Protein and Peptide Letters ◽

10.2174/0929866527666200206153328 ◽

2020 ◽

Vol 27 (8) ◽

pp. 698-710

Author(s):

Roya Cheraghi ◽

Mahboobeh Nazari ◽

Mohsen Alipour ◽

Saman Hosseinkhani

Keyword(s):

Gene Delivery ◽

Targeted Delivery ◽

Viral Vectors ◽

Large Scale ◽

Transfection Efficiency ◽

Cationic Lipids ◽

Target Cells ◽

Scale Production ◽

Stepwise Development ◽

Chimeric Peptides

Gene-based therapy largely relies on the vector type that allows a selective and efficient transfection into the target cells with maximum efficacy and minimal toxicity. Although, genes delivered utilizing modified viruses transfect efficiently and precisely, these vectors can cause severe immunological responses and are potentially carcinogenic. A promising method of overcoming this limitation is the use of non-viral vectors, including cationic lipids, polymers, dendrimers, and peptides, which offer potential routes for compacting DNA for targeted delivery.
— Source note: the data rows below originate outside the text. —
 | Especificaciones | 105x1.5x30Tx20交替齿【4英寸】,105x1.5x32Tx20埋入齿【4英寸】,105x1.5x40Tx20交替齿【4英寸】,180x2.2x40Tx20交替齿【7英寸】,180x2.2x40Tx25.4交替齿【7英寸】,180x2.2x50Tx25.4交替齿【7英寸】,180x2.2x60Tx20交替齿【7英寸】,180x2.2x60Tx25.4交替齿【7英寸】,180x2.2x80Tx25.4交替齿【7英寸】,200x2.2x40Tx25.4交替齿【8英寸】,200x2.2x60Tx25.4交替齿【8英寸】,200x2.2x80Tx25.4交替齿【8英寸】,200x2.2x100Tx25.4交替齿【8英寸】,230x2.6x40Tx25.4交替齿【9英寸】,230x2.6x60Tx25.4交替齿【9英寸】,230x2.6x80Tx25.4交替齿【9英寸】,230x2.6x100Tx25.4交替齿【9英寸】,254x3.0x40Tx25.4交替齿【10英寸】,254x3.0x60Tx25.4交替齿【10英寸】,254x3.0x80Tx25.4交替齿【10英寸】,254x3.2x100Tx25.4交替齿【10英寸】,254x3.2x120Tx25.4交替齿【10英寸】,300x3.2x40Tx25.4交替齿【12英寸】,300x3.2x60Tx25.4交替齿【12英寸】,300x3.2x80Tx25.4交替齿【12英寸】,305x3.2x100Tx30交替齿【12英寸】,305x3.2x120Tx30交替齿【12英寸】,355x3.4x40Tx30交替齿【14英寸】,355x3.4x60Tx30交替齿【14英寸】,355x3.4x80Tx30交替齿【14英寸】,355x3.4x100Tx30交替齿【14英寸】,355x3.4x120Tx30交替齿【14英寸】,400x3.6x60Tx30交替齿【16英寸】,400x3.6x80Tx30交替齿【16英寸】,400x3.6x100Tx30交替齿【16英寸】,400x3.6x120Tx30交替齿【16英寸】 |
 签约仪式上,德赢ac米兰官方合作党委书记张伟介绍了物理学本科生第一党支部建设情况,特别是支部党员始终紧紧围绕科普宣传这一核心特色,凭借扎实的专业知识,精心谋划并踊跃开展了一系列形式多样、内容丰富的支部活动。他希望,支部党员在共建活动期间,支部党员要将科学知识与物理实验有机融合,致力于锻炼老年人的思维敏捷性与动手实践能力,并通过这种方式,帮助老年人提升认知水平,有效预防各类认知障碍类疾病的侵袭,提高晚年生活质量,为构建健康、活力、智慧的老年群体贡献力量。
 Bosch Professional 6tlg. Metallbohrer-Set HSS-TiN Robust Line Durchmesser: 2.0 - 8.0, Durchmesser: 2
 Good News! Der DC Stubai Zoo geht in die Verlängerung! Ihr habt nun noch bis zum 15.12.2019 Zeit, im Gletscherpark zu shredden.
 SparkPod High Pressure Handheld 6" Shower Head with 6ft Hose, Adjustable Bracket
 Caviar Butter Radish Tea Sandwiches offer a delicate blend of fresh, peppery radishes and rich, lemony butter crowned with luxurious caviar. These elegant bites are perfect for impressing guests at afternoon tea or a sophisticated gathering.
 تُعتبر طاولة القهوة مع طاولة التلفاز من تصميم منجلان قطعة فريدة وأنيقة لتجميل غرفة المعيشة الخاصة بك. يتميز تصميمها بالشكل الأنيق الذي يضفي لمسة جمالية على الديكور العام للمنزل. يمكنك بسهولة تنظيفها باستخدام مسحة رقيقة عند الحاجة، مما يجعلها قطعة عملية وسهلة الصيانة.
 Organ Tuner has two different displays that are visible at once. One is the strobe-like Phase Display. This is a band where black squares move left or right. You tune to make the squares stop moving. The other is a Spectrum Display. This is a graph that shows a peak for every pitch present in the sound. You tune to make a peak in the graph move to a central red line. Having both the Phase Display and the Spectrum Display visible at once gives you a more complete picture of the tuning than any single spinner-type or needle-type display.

Although non-viral vectors exhibit reduced transfection efficiency compared to their viral counterpart, their superior biocompatibility, non-immunogenicity and potential for large-scale production make them increasingly attractive for modern therapy. There has been a great deal of interest in the development of biomimetic chimeric peptides. Biomimetic chimeric peptides contain different motifs for gene translocation into the nucleus of the desired cells. They have motifs for gene targeting into the desired cell, condense DNA into nanosize particles, translocate the gene into the nucleus and enhance the release of the particle into the cytoplasm. These carriers were developed in recent years. This review highlights the stepwise development of the biomimetic chimeric peptides currently being used in gene delivery.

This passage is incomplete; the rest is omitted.